NASIONALXPOS.CO.ID, KABUPATEN TANGERANG – Sejarah Alat Musik Bedug di Indonesia diperkirakan sudah dimulai sejak ratusan tahun yang lalu, bedug yang merupakan alat musik perkusi ini dikalangan mayoritas masyarakat digunakan dalam fungsi ganda seperti alat musik, alat penanda waktu, maupun sebagai alat komunikasi tradisional.
Seringkali aktivitas memukul Bedug atau menabuh bedug memiliki konotasi yang yang bersifat religius, hal ini berkaitan dengan penggunaan Bedug untuk Memberitahukan waktunya Sholat Atau Sembahyang bagi umat agama Islam di beberapa wilayah Indonesia.
Dalam rangka melestarikan budaya serta mempererat tali silaturahmi antar warga tapos pada momentum lebaran di hari raya idul Fitri 1447 H/2026.

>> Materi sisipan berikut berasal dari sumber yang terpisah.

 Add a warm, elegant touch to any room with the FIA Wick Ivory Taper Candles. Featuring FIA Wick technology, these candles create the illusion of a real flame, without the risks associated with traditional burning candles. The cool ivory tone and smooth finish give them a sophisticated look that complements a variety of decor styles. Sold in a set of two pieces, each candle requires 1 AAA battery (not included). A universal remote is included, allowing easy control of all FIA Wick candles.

Acara di gelar di lapangan kampung Tapos RT 05 RW 02 Desa Tapos, Kecamatan Tigaraksa, Kabupaten Tangerang, provinsi Banten, Sabtu, 28/3/2026.

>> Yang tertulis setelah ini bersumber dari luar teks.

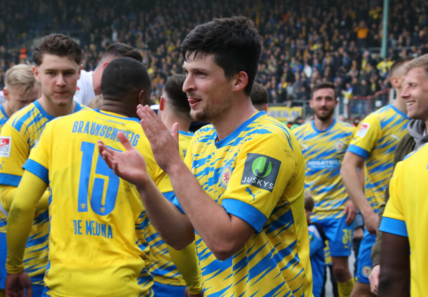Nach dem Last-Minute-Coup brachen an der Hamburger Straße alle Dämme: Bei Eintracht Braunschweig herrschte durch den umjubelten 1:0-Triumph im hochemotionalen Derby gegen Hannover 96 und den nicht minder wichtigen Sprung immerhin auf den Abstiegsrelegationsplatz im Mannschaftskreis wie bei den Fans auf den Tribünen Glückseligkeit pur.

Adapun maksud, dan tujuan diselenggarakannya festival tabuh bedug tersebut, guna mempertahankan tradisi bedug di masjid dan di mushola yang berada di Desa Tapos agar jangan tidak punah, disamping menumbuhkan regenerasi dikalangan para pemuda dalam mencintai tradisi memukul atau menabuh Bedug yang sudah turun menurun dilaksanakan Warga Desa tapos maupun masyarakat kabupaten Tangerang pada umumnya.
Saat pembukaan Haerudin selaku Kepala Desa Tapos (Kades) dalam sambutannya menyampaikan, Sejarah bedug diberbagai daerah dan sesuai budaya tradisinya khususnya Umat Islam.Menabuh Bedug tersebut Umumnya dilakukan di mushola dan mesjid dan itu bertanda waktu umat Islam untuk melakukan sholat atau Sembahyang,” Pungkasnya.